Animals. Female golden Syrian hamsters weighing 80–85 g (Fiocruz-Bahia), were maintained under conventional environmental conditions and observed twice daily. Animals were inoculated intraperitoneally with 1 mL of EMJH medium (Difco Laboratories) adjusted to obtain 10⁸ leptospires in Experiment 1 (E1) and 10³ in Experiment 2 (E2).

Both experiments intended to reproduce two clinical forms of Weil’s diseases: E1, the acute monophasic progressive illness, and E2, a prolonged course of infection. Animals were euthanized with sodium thiopental at defined dates. At necropsy, blood and target organs (kidney, lung, and liver) were collected for serum and histopathology analysis respectively. All experiments were approved by the Institutional Animal Care and Use Committee.

Experimental design. In E1, animals were injected with 10⁸ leptospires and received no treatment (infected-untreated group). The AMP-treated group was infected with the same inoculum and received AMP subcutaneously, 100 mg/kg/day bid (AMP group). The NAC-treated group received a NAC dose of 100 mg/kg/bid intraperitoneally (NAC group). The AMP plus NAC group was treated with both drugs (AMP+NAC group). Therapy was started after clinical detection of fever, prostration, and piloerection. Animals were killed on the fifth day based on previous pilot experiments which identified this as the probable date of death for hamsters infected with the same strain and inoculum. For each antimicrobial tested, the treated group included 6 animals per group. The untreated infection group was inoculated under the same conditions and included 6 animals per group.

In E2, animals were injected with 10³ leptospires and received no treatment (infected-untreated1 group). The AMP-treated group received AMP subcutaneously, 80 mg/kg/day bid (AMP1 group). The NAC-treated group received a dose of 100 mg/kg/bid intraperitoneally (NAC1 group), and the AMP plus NAC group was treated with both drugs (AMP+NAC1 group). Each group included 6 animals. Therapy was started 6 days after infection and was continued for 4 days. Animals were killed on the tenth day, based on previous pilot experiments that identified this as the probable date of death for hamsters infected with the same strain and inoculum. The antimicrobial drugs were tested with lower dosage also in this experiment. Ampicillin subcutaneously, 80 mg/kg/day bid (AMP2 group), and AMP plus NAC (AMP+NAC2 group). Therapy was started 8 days after infection and was continued for 3 days. The animals were killed on the eleventh day. Each subgroup included 3 animals.
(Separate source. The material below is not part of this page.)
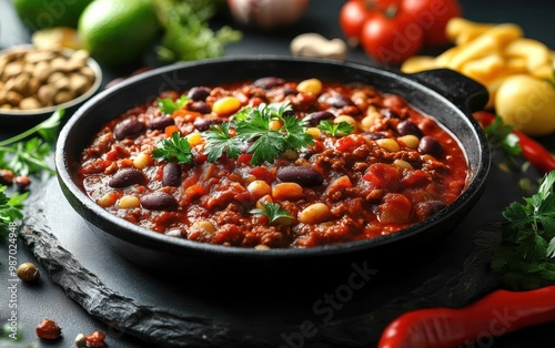 chili, con, carne, dish, food, meal, dinner, lunch, receipe, cookery, spice, bean, tomatoes, ground, beef, meat, vegetable, onion, garlic, chiles, pepper, parsley, cilantro, powder, cumin, flavorful, savoury, hearty, comfort, red, brown, black, stone, frying pan, plaster bandage, iron, rustic, kitchen, home, spicey, hot, delicious, tasty, appetising, classic, traditional, mexican, american, southwestern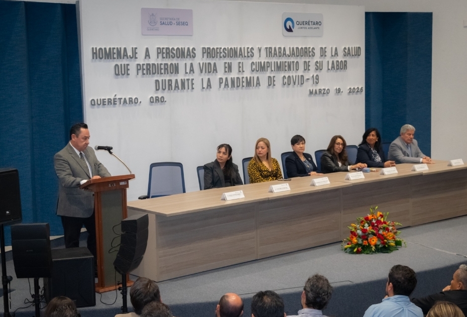 En el evento, el subcoordinador General Médico de Servicios de Salud del Estado de Querétaro (SESEQ), Francisco José Rivera Pesquera, dio la bienvenida a las y los asistentes. El Director de Servicios Médicos Hospitalarios, Hugo Daniel Cerrillo Cruz, presentó una reseña de la pandemia en el estado, destacando las acciones emprendidas por el personal de salud en los distintos sectores y niveles de atención para atender a la población.

Previous observations indicated that both AMP doses were effective,^28,29 but the different doses used were selected in an attempt to recapitulate two forms of treatment in Weil’s syndrome. The higher inoculum presumably induces earlier symptoms and requires a higher antimicrobial dose, while the lower inoculum induces a longer preclinical interval and requires lower but also effective antibiotic doses.
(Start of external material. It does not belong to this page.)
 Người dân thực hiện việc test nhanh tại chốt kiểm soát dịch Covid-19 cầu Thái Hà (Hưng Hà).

Parallel to this study, non-infected hamsters were examined to verify baseline expression of NHE3 and NKCC2 on renal tissue.

Serum analysis. A product of lipid peroxidation and a marker of oxidative stress were determined by the thiobarbituric acid method as described elsewhere,³⁵ while urea and bilirubin were determined by spectrophotometry.
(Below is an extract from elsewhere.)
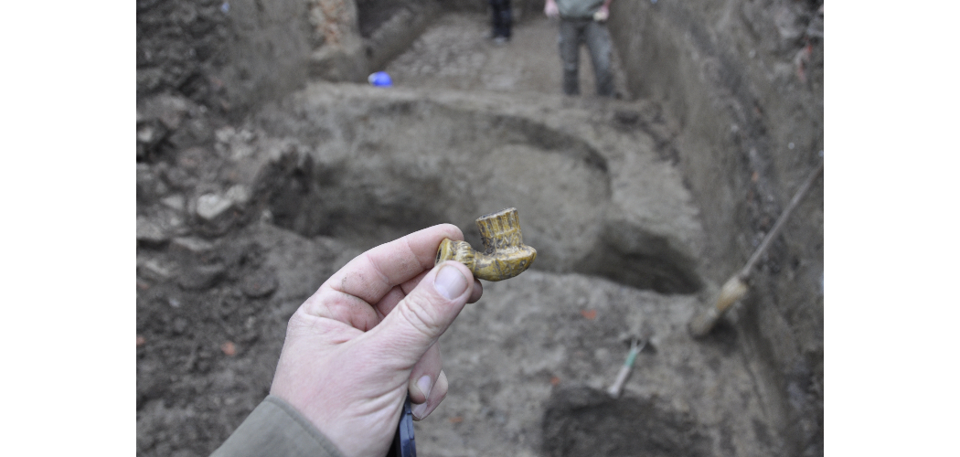 Török kori mázas díszítésű cseréppipa a külsővárat a huszárvártól elválasztó palánkszakasz feltárásából.

Histology and immunohistochemistry (IHC) assay. Tissues (kidney, lung, and liver) from untreated and treated animals were fixed in 4% formalin, embedded in paraffin, cut into 3-µm sections, and used for conventional histology (H&E) and IHC to assess the presence of leptospiral antigen(s) (LAg). Immunohistochemistry was also performed to determine the expression of the renal sodium transporters NHE3 and NKCC2 in kidney tissue from infected untreated and treated animals as well as the baseline expression of non-infected hamsters.

IHC protocol for LAg. Immune serum was raised in rabbits according to a previously described standard procedure.³⁶ Primary antibody titer was used at 1:7000 dilution. Kidney, liver, and lung 3-µm sections were analyzed using EnVision (DAKO code K4011) based on immunohistochemistry methods.³⁶

NHE3 and NKCC2 protocol. The sections were dewaxed and rehydrated, and the endogenous peroxidase was blocked by incubation with 3% H₂O₂ in absolute methanol for 10 min at room temperature. Sections were then incubated with 1 M Tris solution (pH 9.0) supplemented with 0.5 mM EDTA and heated using a microwave oven for 10 min to unmask antigen(s). Nonspecific binding of immunoglobulin was prevented by incubating the sections in 50 mM NH₄Cl for 30 min, followed by blocking in PBS supplemented with 1% BSA, 0.05% saponin, and 0.2% gelatin. Sections were incubated overnight at 4°C with primary antibodies diluted in PBS supplemented with 0.1% BSA and 0.3% Triton-X 100.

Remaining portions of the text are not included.